# How the #*+^ to Remove starter off JD 6415?



## 32-0-0 (May 30, 2017)

So I need to replace the starter on our JD 6415. There are only 2 bolts that hold the starter to the block. These 2 bolts are 8mm Allen head bolts. I have yet to figure out how to get to the bottom bolt. I've tried extensions, u-joints, making homemade tools and even had a mechanic come out to give it a shot....all with no luck.

Does anyone know the trick to get this bottom bolt out?

Thanks,
Chris


----------



## carcajou (Jan 28, 2011)

Take a 3/8 drive short hex drive socket and weld it offset to a bolt of suitable length. You will need to reposition the hex socket on the bolt every 1/6 turn till its loose but it will work. Leave the top bolt in till the bottom one is out.


----------



## Tx Jim (Jun 30, 2014)

Farm equipment engineers never cease to amaze me with their brain power on making things a lot more difficult to repair than is necessary.


----------



## TJ Hendren (May 12, 2017)

I've always believed they do this so out of frustration you take it to the dealer or have to buy a 300 dollar tool.


----------



## RuttedField (Apr 24, 2016)

I wonder if that has the same engine as a John Deere 350 bulldozer?

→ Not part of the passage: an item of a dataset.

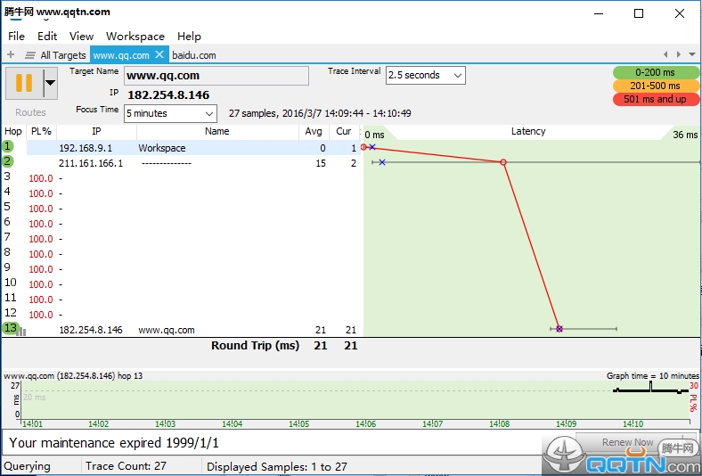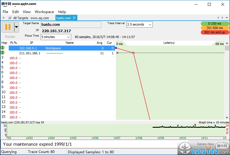 网络检测工具PingPlotter Pro破解版下载是一款能够监控和解决您的网络,有关远程主机,跟踪时延,丢包率和其他信息,与本有用的工具。你可以使用PingPlotter Pro的突发事件时发生仔细监视多个地址,并触发警报。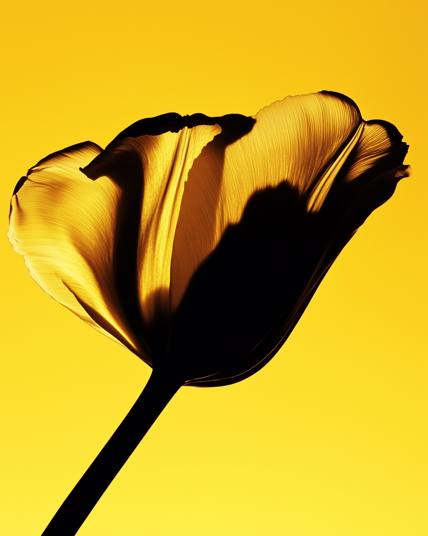 Silhouette of a tulip flower with backlit petals against a vibrant yellow background, showcasing delicate textures and bold contrasts.

I had the same problem. I ended up grinding an open end wrench down, then using a screwdriver in the open end part to break the bolt loose/tighten it. I got about 1/2000 of a turn per repositioning, as I stood on my head, knees on a hard bulldozers tracks, while freezing in a Maine winter.

I am not one prone to violence, but if I ever get ahold of that mechanical engineer that designed that, he/she would have an entire bulldozer sticking out of a south bound orifice while headed due north!


----------



## StxPecans (Mar 3, 2018)

I removed a stater on a 6415 a few years back, i thought i just used a long 3/8 wobble extention to a 3/8 universal to a 8mm universal allen socket if i remember correctly which i may not i even used an impact. Just a few weeks ago i changed a starter on a 6420 is that any different?


----------



## somedevildawg (Jun 20, 2011)

Yes


----------



## pede58 (Oct 27, 2015)

Nothing to it when it's going down the assembly line. Starters in general always seem to have one bolt that's a bitch, must be a requirement for the engineer, had one on my old dozer that took 2 days to finally figure out that one bolt that you couldn't see was made for a 12pt socket. I feel your pain......


----------



## carcajou (Jan 28, 2011)

I remember lifting the engine on a grain truck to pull a starter. In the end it would have been a quick fix if we would have just did that to begin with.


----------



## slowzuki (Mar 8, 2011)

Cih 584/585 with the old double filter head and a ih2250 loader on is a treat to change the starter on too.


----------



## mlappin (Jun 25, 2009)

Cat 3208's are relatively easy, ditto on our 903 Cummins. The Waukeshas in our Olivers are easy too. However the starter in our JD400 backhoe and JD401C loader both suck and sound exactly like the above except standard bolts yet. I have a 9/16" wrench that's been custom bend and ground on just for that bolt on the starter.


----------



## pede58 (Oct 27, 2015)

Just to throw this out there, Cadillac's north star motor has it under the intake.


----------



## mlappin (Jun 25, 2009)

pede58 said:


> Just to throw this out there, Cadillac's north star motor has it under the intake.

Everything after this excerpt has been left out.